Ese fue el momento seleccionado por la alta jerarquía China para proponerle a los altos mandos de Cristina Kirchner emprender conjuntamente un proyecto de mucha envergadura con ingentes beneficios para cada una de las partes.

El país del Sur que por tradición e interés propio había estado siempre atento al devenir chino y seguido con cuidado el norte que marca su brújula, recibió con beneplácito la singular oferta y se iniciaron conversaciones en las que oficiales del gobierno de Hu Jintao y contrapartes argentinos debatieron y acordaron la instalación en la Patagonia de un centro chino de observación espacial. Todo ello fue armado de espaldas a muchos en el país sureño y muy sigilosamente de cara al mundo.

No fueron pocas las cosas que el gobierno de la tercera potencia mundial ofreció a los argentinos a cambio de una posición proclive al magno emprendimiento: inversiones ferroviarias de gran calado y otras en infraestructura de mucha trascendencia para su economía, ayuda monetaria para la estabilización de la moneda argentina que sobrepasaban los 10.000 millones de dólares, apoyo en la reclamación argentina sobre las Islas Malvinas y otras ventajas unilaterales que convertían a Argentina en un socio preferido, junto con Venezuela, dentro de la geografía suramericana.

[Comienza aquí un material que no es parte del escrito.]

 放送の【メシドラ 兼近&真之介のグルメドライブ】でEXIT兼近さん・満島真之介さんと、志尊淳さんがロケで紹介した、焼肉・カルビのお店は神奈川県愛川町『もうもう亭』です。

Tres años más tarde, ya bajo la presidencia de Xi Jinping, Kirchner firmó con su homólogo un acuerdo en el que cedía a China, durante medio siglo, su soberanía sobre una vasta extensión de terreno en la provincia de Neuquén, alejada de los centros poblados de la zona, sin que mediara el pago de una renta, para que allí fuera instalado un centro de observación espacial.

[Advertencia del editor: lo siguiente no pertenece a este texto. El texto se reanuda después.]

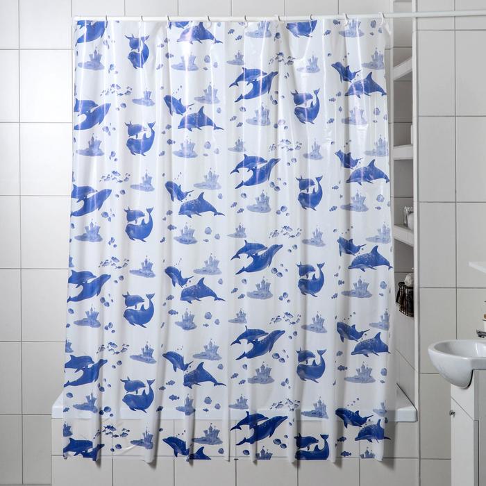 Штора для ванной 180х180 см "Дельфины", цвет белый

El asunto fue altamente polémico en su momento, pero la fortaleza de Cristina en el poder consiguió terminar con las críticas suscitadas por la construcción de las instalaciones. La base comenzó a ser construida según la premisa de que ella permitiría al país asiático incursionar en viajes a la estratosfera que le haría accesible el lado no visible de la Luna. Esta base es hoy visible desde muchos kilómetros a la distancia.

La edición española de The New York Times trajo, hace pocos días, un interesante relato sobre la importancia que esta base tiene como demostración fehaciente de la incisiva presencia china en nuestro continente, y de otras formas curiosas y originales que su penetración reviste en ocasiones. Un momento de debilidad es escogido, dentro de la administración de un país con un gobierno proclive a compartir la filosofía del gobierno comunista de Pekín, para “impulsarlo” a colaborar en el desarrollo de un proyecto chino, a cambio de una cooperación significativa en áreas que ayudan al débil a sacar sus castañas del fuego.

Mientras tanto, una base como la que hoy ya está en operación en suelo patagónico está siendo protagonista de usos imposibles de controlar por Argentina, al tiempo que facilita la gravitación de la potencia china en el mundo de las operaciones y comunicaciones espaciales.